The accepted answer, highly upvoted, stated very first that

Speed doesn't kill us, but acceleration does.

The second answer (also well upvoted) concurs:

The danger comes from acceleration, not velocity.

Is that true?

Two comments by hdhondt and Adam D. Ruppe somewhat debunk it. but they
are only comments. They could not be answers, as the question
"Why doesn't the speed of Earth (moving through space) kill us?" was not
about acceleration.
I wrote this question, and my answer to it (below), before I had read these
comments. Like many users, I do skip a lot of comments. When I finally
saw these comments already made, I wondered whether I should persist
with this question. The point seems important enough to justify it, considering the high popularity of this topic.

Best Answer

Acceleration does not kill us any more than speed. If your head and feet do not move at the same velocity long enough, whatever the cause, you are in trouble. Velocity does not kill us when the whole body has the same velocity.

Similarly, I doubt acceleration kills us when all parts of the body accelerate, but without having to transmit forces. It is said in a comment:

It's not the fall that kills you; it's the sudden stop at the end.

The sudden stop kills you because the deceleration (negative acceleration) that stops you is actually caused by a force transmitted through your body which cannot withstand it. The acceleration throughout the fall, no matter how strong, which applies uniformly to the whole body will not hurt it: you are in free fall.

If the same acceleration were produced by the pull of an engine attached to your feets and pulling your whole body (even without friction), rather than gravity applied uniformly to every atom of your body, your body could well be torn to pieces.

I am no expert on jerk, but I somehow doubt that it is any more danger, despite contrary statements in this accepted answer and this comment

The human body uses bones and muscles to maintain its integrity while transmitting forces. The problem of jerk is that it changes the values of forces, thus requiring muscles to adapt constantly.

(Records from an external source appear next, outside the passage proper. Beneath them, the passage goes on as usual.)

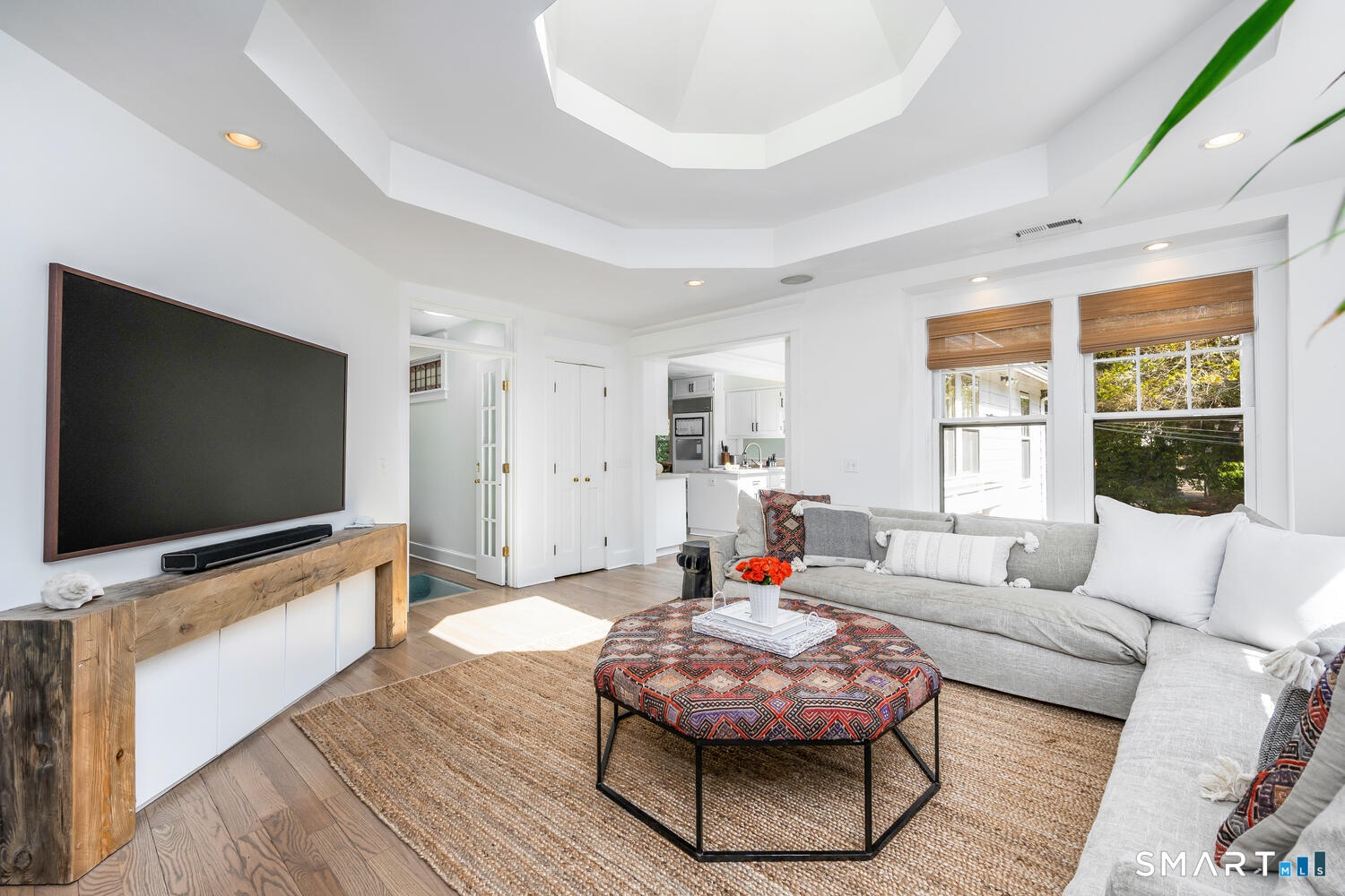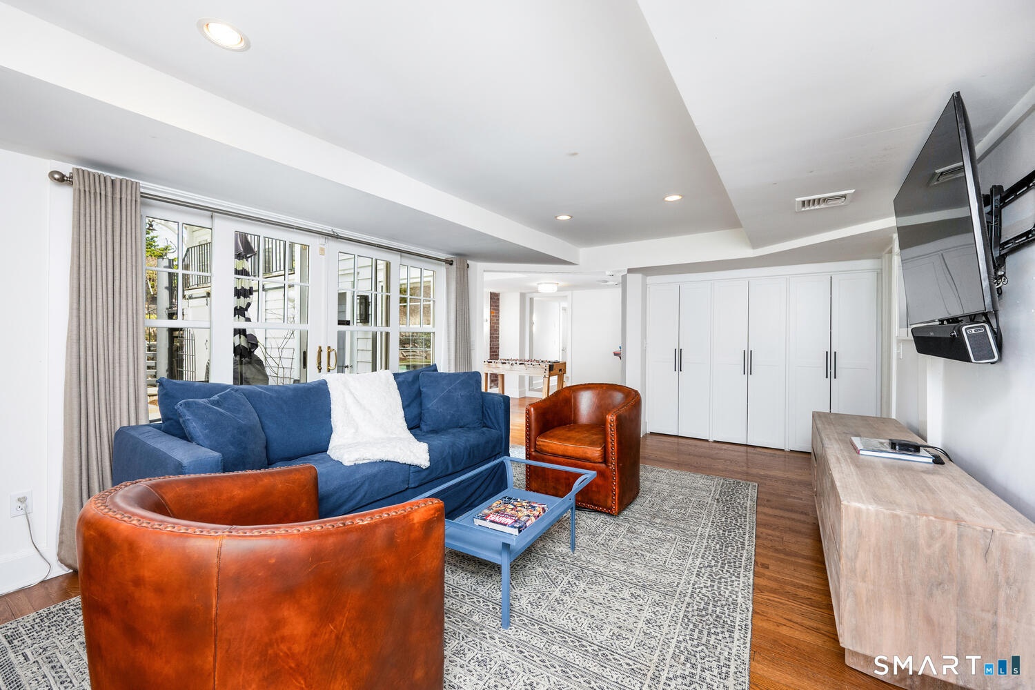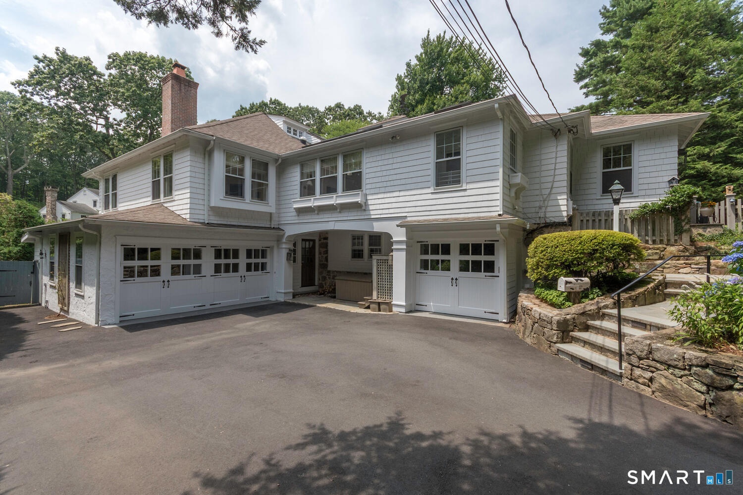Few homes in Darien offer this combination five bedrooms, five indoor entertainment spaces, a private elevator, gunite pool, hot tub, and pool cabana with wet bar all on a private.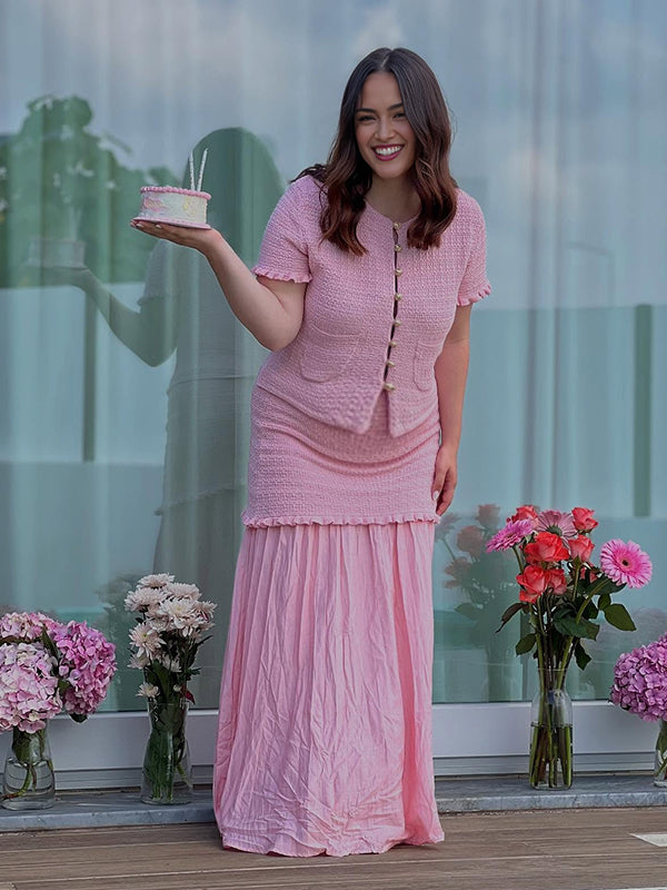 Momyknows Pink Crochet Pleated Button Two Piece Maternity Baby Shower Maxi Dress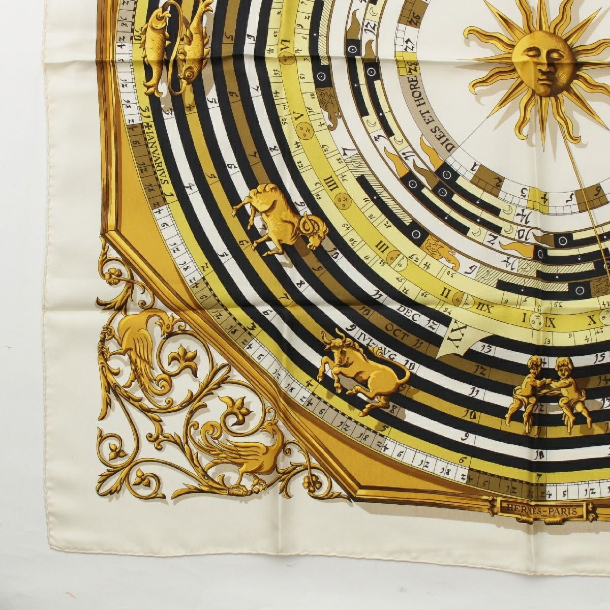エルメス シルク カレ90 DIES ET HORE 占星術 スカーフ ホワイト×イエロー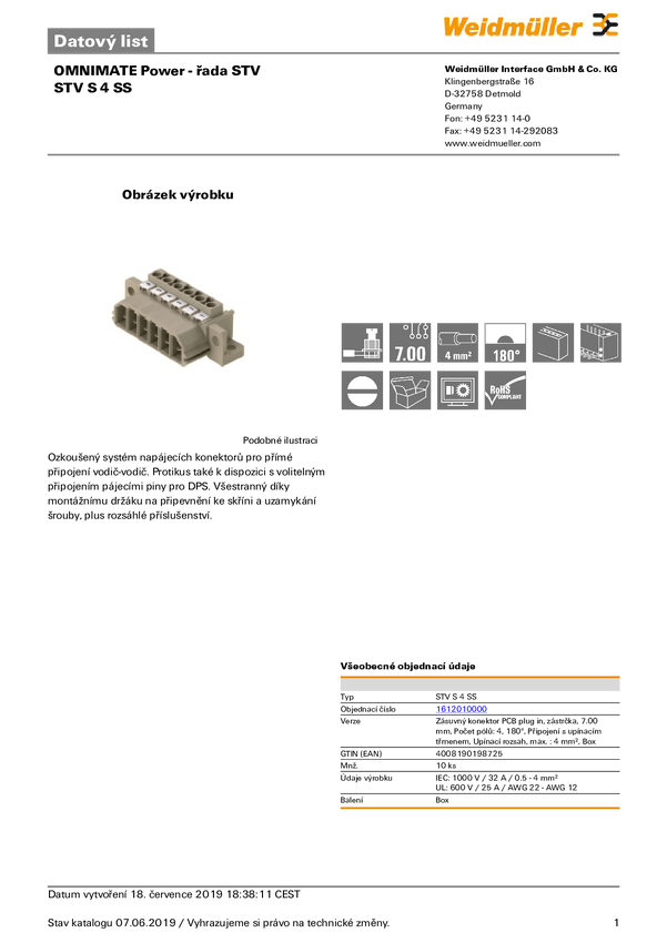 Weidmüller 1612710000 Obudowa złącza pin męskiego na kabel STV S 4 LB180, wire-to-board, piny: 4, 17 A, 10 szt.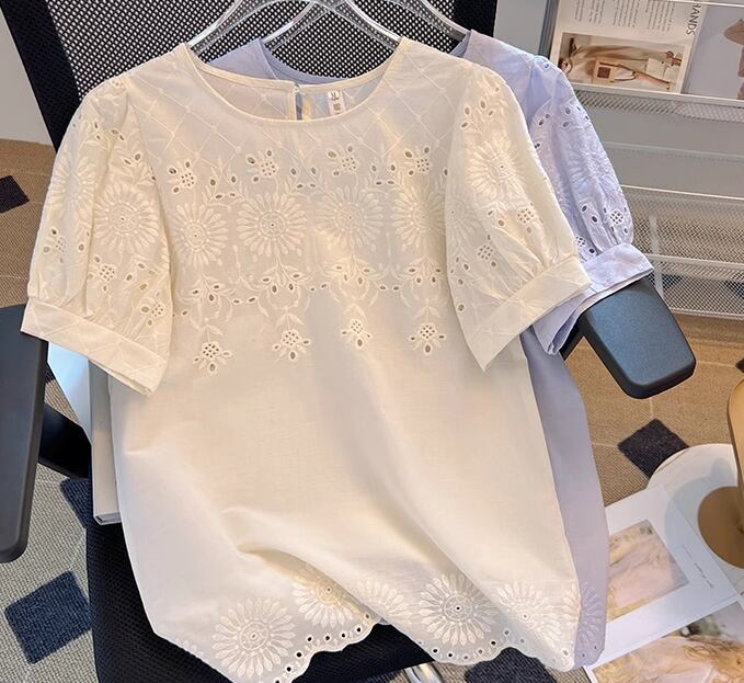レディース トップス カットソー プルオーバー Tシャツ ミドル丈 半袖 ラウンドネック ストレート フェミニン 刺繍 かわいい 大人可愛い きれいめ シンプル カジュアル 上品 おしゃれ レトロ ラフ ガーリー エレガント キュート ナチュラル 清潔感 爽やか シック 高級感 優しい 穏やか フェアリー 夏 デート お出かけ 普段使い 着回し S M L XL 大きいサイズ アプリコット パープル

But free fall satellite motion does have jerk, since the direction of gravity is constanly changing, and its magnitude depends on distance. This is generally true of non uniform gravity field.

I think, a good way of understanding what can hurt us is to model the human body as two masses, head and feet, joined with a spring. If the distance between the masses changes by more than, say, 5%, the human model is considered dead. Now, if you add a strong structure, some kind of G-suit, that forcibly preserve the distance between head and feet, thus carrying all forces that need to be transmitted, then the human model is pretty safe.

Note that submitting the head and feet to different acceleration can have undesirable effects if the difference is important. But if the body is strong enough, it can sustain small differences which it compensate with internal cohesion forces. So one might say that speed can be more dangerous than acceleration, when it is an issue of uniformity across the body.

To place these issues on the level of personal experience: we do not feel speed, but we do not feel acceleration either, or jerk. What we do experience is forces propagating through our body, when our body accelerate because it is submitted to forces applied only to some parts of it, rather than uniformly. We experience the tension of the muscles that preserve our body structure against these forces. And we perceive jerk as a need to adapt muscle tension.